过渡金属层状双氢氧化物(LDH)的储量丰富,且具有独特的结构、物理化学性质和优异的电催化活性[13,14,16~18]。Yuan等[13]用多步溶液法在FeCo LDH微米管上合成了非晶态空心CoS x 纳米颗粒(FeCo-LDH@CoS x),独特的结构和CoS x 与FeCo LDH间的协同作用使其具有优异的析氧反应(oxygen evolution reaction,OER)性能。Lei等[17]合成的Pt量子点修饰的硫掺杂NiFe LDH(Pt@S-NiFe LDHs)提高了界面电子传输、降低了气泡吸附和提高了金属基底相互作用,使其电催化(Hydrogen evolution reaction,HER)性能提高。用水热法和电沉积法合成的CoFe LDH@NiSe 异质结构[18]具有很强的界面耦合效应和更多的活性位点,使其析氢反应HER催化性能和OER催化性能提高。Fan等[19]合成的Ir嵌入NiCo LDH (Ir-NiCo LDH)使Ir和NiCo LDH间的强电子耦合和晶格畸变产生的大量缺陷使其全解水性能提高。同时,催化剂表面的活性位点数量和缺陷的增多也使其电催化活性提高[18,19]。FeOOH易于与其它过渡金属相互作用和具有丰富的活性位点,得到了深入的研究[20~22]。Zhang等[21]制备的FeOOH修饰NiCo LDH纳米花异质结构其强界面相互作用调节了电子结构和多金属间的协同作用,提高了OER活性。Bao等[22]构筑的 NiV LDH@FeOOH异质结构通过界面工程提高导电性、调节电子结构和加速气体释放的质量输运过程,提高了OER催化活性。在泡沫镍上电沉积生长的双功能NiFe LDH/FeOOH异质结构纳米片催化剂[23],具有优异的全裂解海水电催化活性和稳定性。Luo等[24]构筑的FeOOH-NiCoMo LDH/NF电催化剂其丰富的缺陷结构和高价态Mo插入LDH调节电子结构和协同耦合效应,使OER催化活性大大提高。同时,非晶态FeOOH独特的结构缺陷和更多的电催化活性面积,更有利于提高电催化性能[25~29]。

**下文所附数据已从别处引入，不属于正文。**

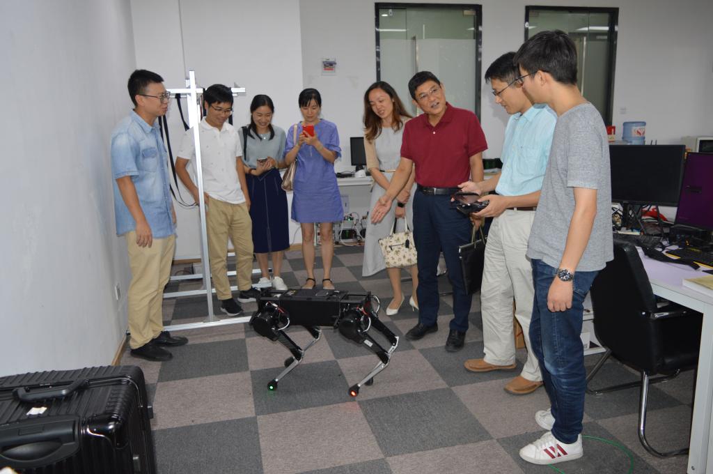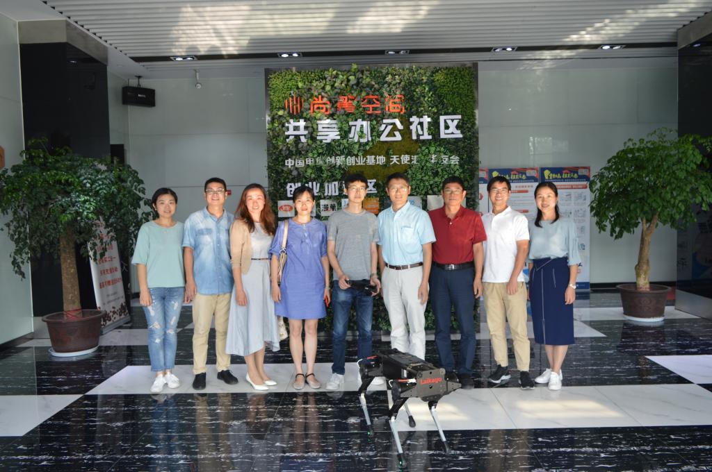 首先,在王兴兴校友的陪同下,潘海鹏一行参观了公司的研发部门及公司备受关注的Laikago四足机器人“网红产品”。王兴兴介绍,这款四足机器人具有强劲的动力性能和运动稳定性。Laikago整机有12个高性能电机,总瞬时最大功率为18KW,功率质量密度0.8KW/Kg,已经可以实现基本上下坡草地、简单的平衡功能并保证运动的稳定性。王兴兴通过设计电机、驱动器及整套控制系统和部分传感器,大大提高了机器人集成度。保证它能在复杂情况下都有保持良好的稳定性。当提到为什么从大疆离职投身创业时。王兴兴谈到因为自己从小就喜欢科技,在研究生期间独立设计的XDog正好被国内外媒体广泛报道,于是就在2016年8月离职,创立了宇树科技。之后从尺寸、体型、动力性能规划出发,按设计需求全新独立研发了电机、电动驱动及主控、整机机械结构以及全新重构的控制系统,打造了全新的四足机器人“Laikago”。

Deng等[30]基于FeOOH和CoAl LDH间的强电子相互作用制备的多孔FeOOH-CoAl LDH异质结构,具有优异的OER活性。化合物中多种金属元素的相互协同作用,也能提高其催化性能[21,24,31]。本文将用原位方法在CoFeAl LDH表面生长非晶态FeOOH制备的CoFeAl-FeOOH-x (x = 1、3、6、9、12,代表反应时间)催化剂用于碱性溶液全解水反应并研究其催化性能。
1 实验方法
1.1 实验用原材料
实验用化学试剂,包括氯化钴(CoCl2)、氯化铁(FeCl3·6H2O)、氯化铝(AlCl3)、氟化铵(NH4F)、尿素(CH4N2O)、碳酸氢铵(NH4HCO3)、无水乙醇(C2H6O)和1.0 M氢氧化钾(KOH)。将泡沫镍(NF)用无水乙醇和去离子水分别超声清洗5 min,然后在60 ℃真空干燥箱中干燥12 h。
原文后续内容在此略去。